Her practical focus is typical of many DBA candidates, according to the business schools that train them. Executives are often drawn to DBA programmes because they are eager to address challenges within their industries systematically through applied research.
“They are very good at spotting opportunities,” says Brecht Cardoen, director of the DBA programme at Vlerick Business School in Belgium. “They have access to data and industry perspectives, which ultimately increase the practical relevance of the research question.”
Moreover, their seniority at work means DBA candidates have the resources to not only originate, but also implement their research. “Of all degree programmes, the DBA is probably the best place to transmit research into practice because of the nature of the students,” says Fabio Fonti, the associate dean for faculty and research at Neoma Business School in France. “DBA candidates are typically senior managers who have the authority and network to build on the research to help nurture better businesses and societies.”
By contrast, PhD candidates are typically younger — and many choose to pursue an academic career, notes Jinnie Hinderscheit, marketing and business development manager for doctoral programmes at Grenoble Ecole de Management in south-eastern France. DBA candidates often pursue consulting, providing organisations with advice based on their thesis. “They serve as a vital bridge, connecting the business and research communities, and facilitating positive change,” Hinderscheit says.
Indeed, roughly half the Business Science Institute’s executive DBA candidates have a thesis that is linked to the UN’s Sustainable Development Goals, according to Michel Kalika, the institution’s president. It is mandatory for them to include a chapter on how the research can be useful for business and society, and while he also encourages them to publish books or articles in publications aimed at people in business.
“The main issue in management research is the gap between the business world and the academic world,” Kalika says. “The explanation is that we encourage researchers to publish only in academic journals. But we all know that many business leaders don’t read them.”

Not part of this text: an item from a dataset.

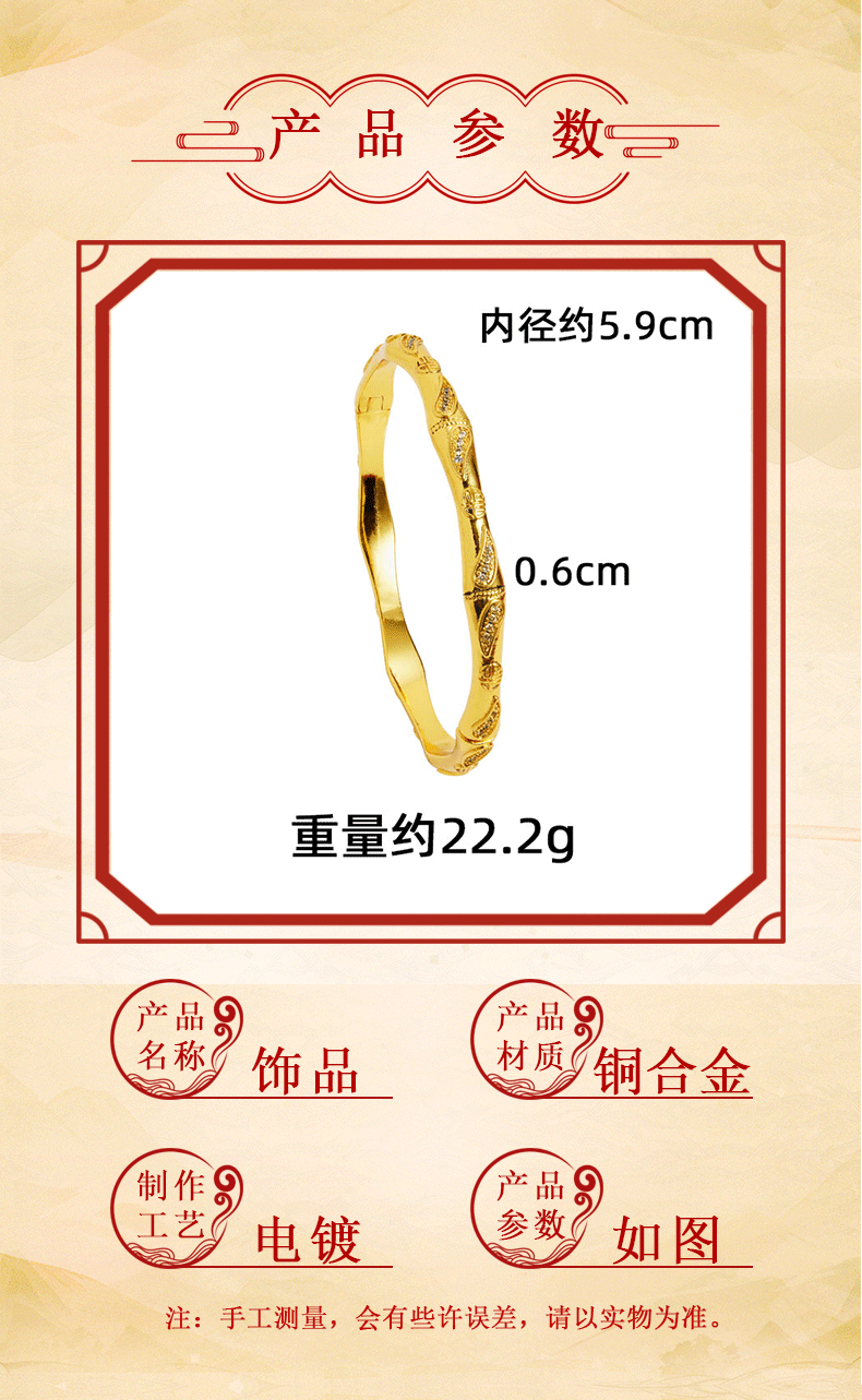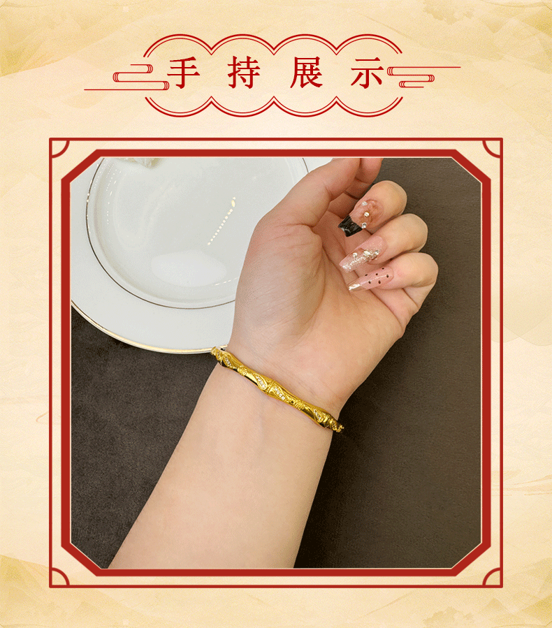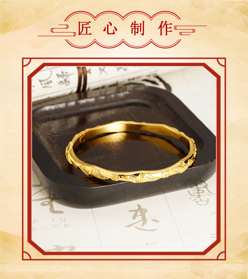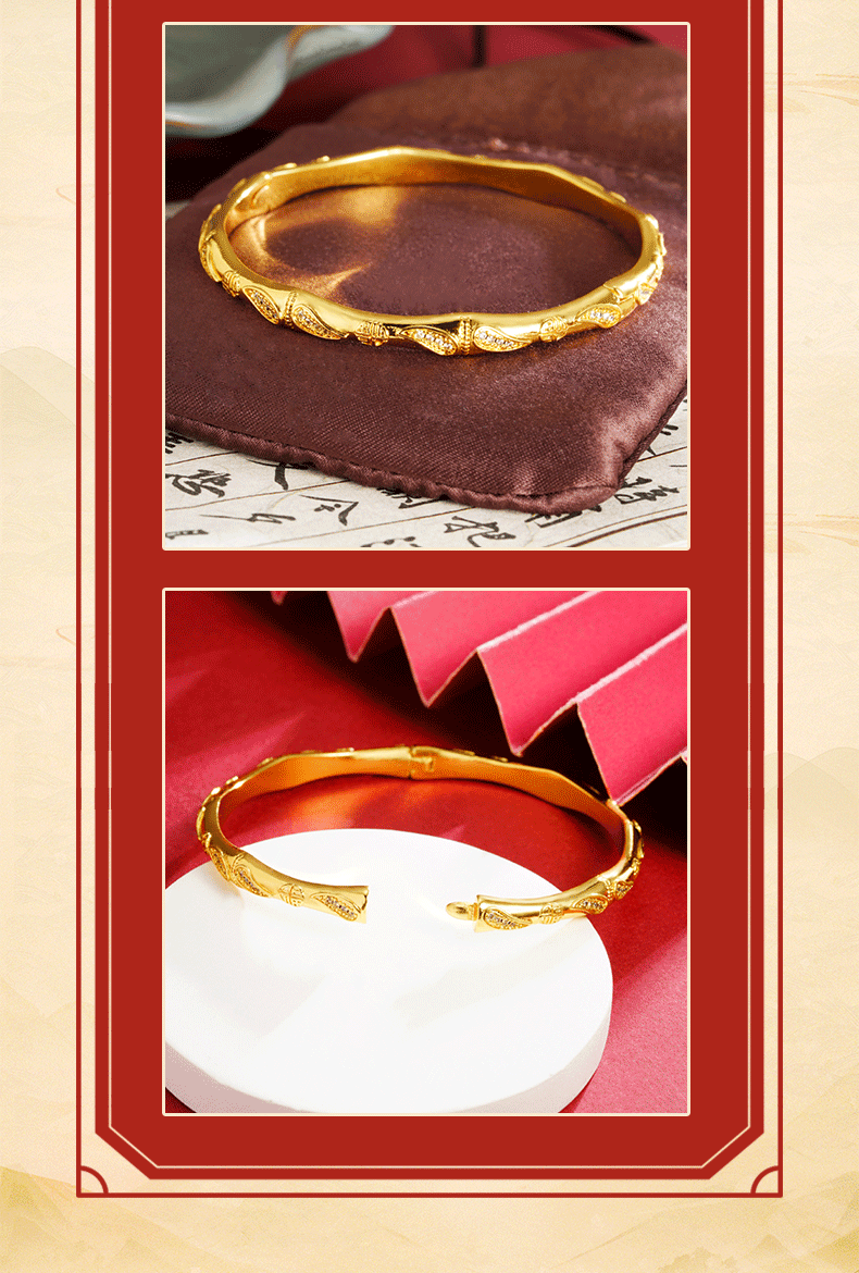 Método antiguo: diseño de lujo ligero de oro de arena vietnamita, brazalete de bambú con incrustaciones, temperamento, joyería de dama que no se desvanece durante mucho tiempo

This gets to the heart of a debate among academics about whether research should be more relevant, not just rigorous. “If it’s not applicable, what is the value of it?” asks Anastasiya Saraeva, DBA programme director at Henley Business School in the UK. “True theories only make sense when we apply them to the real world. If we don’t, it’s just a graph on a bit of paper.”
But she adds that practitioners need to engage more with researchers, if the output is to be more applicable.
Other academics stress the importance of cutting-edge theoretical contributions. “It’s still important to have research that is theoretical, to advance the frontier of knowledge,” says Fabrizio Castellucci, director of the DBA at SDA Bocconi School of Management in Milan. “There is still room for pure academics.”
But many DBAs, such as Amanobea Boateng, see their research as merely the foundation for wider societal impact to emerge. Boateng founded the Women’s DNA Fund and its non-profit foundation in Ghana to help women entrepreneurs succeed by improving their business acumen. The initiative grew from her research while pursuing the DBA at Grenoble between 2012 and 2016. It showed that entrepreneurship can help alleviate poverty in deprived communities.
“Those findings were simply too important to leave in a folder on a shelf,” she says.